Sugested patch in https://gerrit.libreoffice.org/c/core/+/127683
Hmm, Svante now sent me a slightly improved version of the body.xsl that seems to fix the problem, too, in a cleaner fashion, and he presumably actually understands how it works. Will resubmit the patch wit that instead. Sadly, though, that patch is based on https://github.com/oasis-tcs/odf-tc/blob/master/src/test/resources/odf1.3/tools/odf2html/export/xhtml/body.xsl . Thus it lacks some (small) cleanups that have been done to the body.xsl in the LibreOffice sources. I had no idea that our XSLT for this filter apparently is just a copy of some more authoritative (?) XSLT from OASIS... Perhaps we then shouldn't have those files in git at all, but download them from upstream? No idea, and I don't really want to know.
Michael usually synchs these files, whenever we are submitting changes on OASIS side he moves the parts to LO archive and vice versa.
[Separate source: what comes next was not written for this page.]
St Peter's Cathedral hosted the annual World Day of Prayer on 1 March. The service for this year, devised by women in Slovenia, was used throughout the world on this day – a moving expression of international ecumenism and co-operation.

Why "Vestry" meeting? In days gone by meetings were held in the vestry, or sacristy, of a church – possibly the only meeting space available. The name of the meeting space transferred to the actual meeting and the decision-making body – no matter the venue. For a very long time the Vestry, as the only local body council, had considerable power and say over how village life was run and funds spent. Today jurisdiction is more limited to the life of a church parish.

I would assume the LO repo is the more authoritative repo - as long we keep it synched.. :-)I wanted to test the files with the spec and wrap my head more around it, but holiday time and family interrupted my aim, so finger crossed we did not break something - I just saw the pattern that your new parameter was quite in parallel to the existing one... Hopefully, one of us finds some minutes in silence to think this through... ;-)
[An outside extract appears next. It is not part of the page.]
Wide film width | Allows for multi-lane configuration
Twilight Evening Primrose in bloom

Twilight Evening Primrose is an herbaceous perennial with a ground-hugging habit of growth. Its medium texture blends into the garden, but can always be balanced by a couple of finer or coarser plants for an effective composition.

But do we want to have the authoritative copy in LO, if the fact is that the only person who understands it works on the OASIS side? Isn't that counter-productive?
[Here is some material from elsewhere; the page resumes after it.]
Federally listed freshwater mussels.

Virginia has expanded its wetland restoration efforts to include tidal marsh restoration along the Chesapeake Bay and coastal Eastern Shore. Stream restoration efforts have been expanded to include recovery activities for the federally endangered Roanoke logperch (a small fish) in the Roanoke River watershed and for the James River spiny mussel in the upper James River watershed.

I spend this morning looking into this - but I fear there are regressions in the ODF 1.3 part 4 formula spec at this chapter 4.4 some content is missing: https://docs.oasis-open.org/office/OpenDocument/v1.3/os/part4-formula/OpenDocument-v1.3-os-part4-formula.html#__RefHeading__1017896_715980110 I have tested the XSLT "directly" with saxon out-of-the-box using Maven build environment and pom.xml. Otherwise, with LO there would be noise with changing automatic style names during load/save of specs in between tests.My test transformation can be triggered stand-alone via mvn install (activating all test documents in the pom.xml - see https://github.com/svanteschubert/odf-tc/blob/html-floating-fix/pom.xml)All test files and HTML output with indent can be found at my fork: https://github.com/svanteschubert/odf-tc/tree/html-floating-fix/docs/odf1.3/tmp-test-output I can also add some background to the meaning of the XSLT code part - what it does: 1. An ODF paragraph with a draw:frame a child becomes an HTML div not as usually HTML p to be valid HTML. 2. A draw:frame with other elements on the same level (siblings being more than ODF soft page breaks) is becoming a "floating" div (CSS float left) embracing its following siblings within the new div. Until the next following sibling is a draw:frame than this will become a left floating div embracing again its following siblings. This handling is tricky. 3. The variable we are extending "stopAtFirstFrame" is marking a mode to deal with the content before the first draw:frame. The problem that you have correctly fixed - likely partly - earlier, Tor, and I have now understood better is that the above complex CSS floating routine of draw:frame - template mode="frameFloating" - is being triggered from two spots. Aside from <xsl:template match="text:p | draw:page"> the mode="frameFloating" is also entered from draw:frame. Which is why you added the parameter and also from the apply-templates from the list routine, where the duplication is triggered. Sorry, I have to leave this issue now my time-boxed morning is over and I have my own windmills I need to ride against. Please make sure you test the specification before/after for regressions (best after some indent on the XML, e.g. I used manually JEdit editor with the XML plugin), Good hunting, Tor! Svante
Tor Lillqvist committed a patch related to this issue. It has been pushed to "master": https://git.libreoffice.org/core/commit/11d2a2f5d260bb27d0e67f90579ca761cb2250ea tdf#146264: Add a somewhat questionable hack to fix the issue It will be available in 7.4.0. The patch should be included in the daily builds available at https://dev-builds.libreoffice.org/daily/ in the next 24-48 hours. More information about daily builds can be found at: https://wiki.documentfoundation.org/Testing_Daily_Builds Affected users are encouraged to test the fix and report feedback.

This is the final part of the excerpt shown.